Financial Planning Basics: Commission Based Planner versus Fee Based Planner

Jul 11, 2023

 

One of the most common questions we get as financial planners is how do your fees work? It might seem straightforward but in the world of financial planning, it isn’t always clear. Here at Peninsula Wealth, we are focused on only your needs so our services are fee based but that isn’t the case for all financial firms.

In general, there are two approaches to fees and it’s important to understand where your financial planner stands:

  • Commission-Based or Fee-Only: These financial planners get paid by you directly, often through an asset-based fee on the overall portfolio. Essentially, they make money when you make money.
  • Fee-Based: These financial planners may also earn commissions or fees for the products they sell.

Fee-only financial planners, like Peninsula Wealth, are paid directly by clients and are obligated to act in a fiduciary capacity, meaning they put their clients’ needs and interests first, rather than focusing on specific products that earn them extra money. A fee-based financial planner can be more focused on the products they know and have a relationship with that may also be suitable for their clients.

How does a fee-only financial planner work?

Fee-only financial planners can be compensated in a number of ways but are always paid directly by the client. This can come in the form of a flat fee, an hourly rate, or a percentage of assets. 1% of a portfolio’s value is a very common fee-only compensation. CFPs (certified financial planners) and RIAs (registered investment advisors) are typically fee-only financial planners because they are bound to the fiduciary approach.

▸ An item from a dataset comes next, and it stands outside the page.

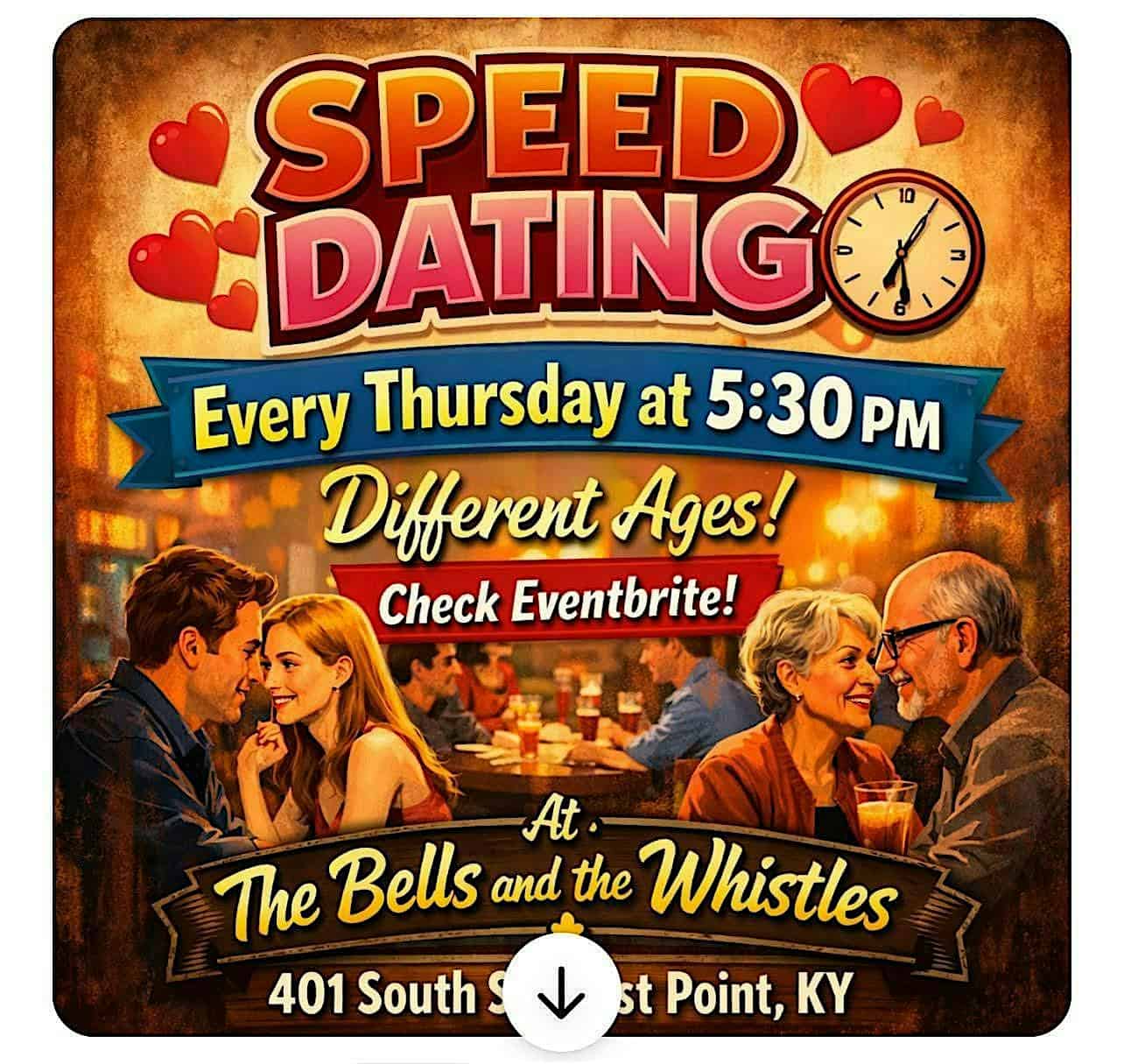 by admin23Feb Speed dating ages 21-34 at The Bells and The Whistles 401 South str West Point Ky. – West Point, KY Speed dating ages 21-34 at The Bells and The Whistles 401 South str West Point Ky. – West Point, KY 2 2 people viewed this event. Quick, fun face-to-face speed dating for singles aged 21-34 looking to make real connections! Tickets-RSVP Link Date And Time Thursday, March 5th, 2026 @ 05:00 PM Location 401 South Street West Point Ky., West Point, KY 40177 Event Types Community & CultureParty or Social Gathering Event Category Kentucky Share With Friends Facebook Twitter Linkedin Xing Pinterest Share This Post:

How does a fee-based financial planner work?

Like fee-only financial planners, the fee-based financial planner also gets paid directly by the client. The difference is they may also be receiving compensation or commission from the products they are recommending. Not surprisingly, this can set up a conflict of interest when considering how to build a client’s portfolio.

Potential commissions may include:

  • Brokerage commission when acting as a broker-dealer
  • Insurance commissions when selling insurance policies
  • Mutual fund commissions when selling mutual fund shares

How do I choose between fee-based and fee-only?

We recommend working with fee-only financial planners because they are bound to put your interests above anything else and to build a portfolio that works specifically for you. However, choosing a financial planner is a personal design and you need to feel comfortable with the person or people who are handling your portfolio. Either way, make sure to ask your financial planner how they make their money and ensure that you are both informed about and comfortable with the answer.

Peninsula Wealth is a Registered Investment Adviser. Advisory services are only offered to clients or prospective clients where Peninsula Wealth and its representatives are properly licensed or exempt from licensure. This material is solely for informational purposes. Past performance is no guarantee of future returns. Investing involves risk and possible loss of principal capital. No advice may be rendered by Peninsula Wealth unless a client service agreement is in place. It is expressly understood that our firm will not provide accounting or legal advice nor prepare any accounting or legal documents for the implementation of your financial planning objectives.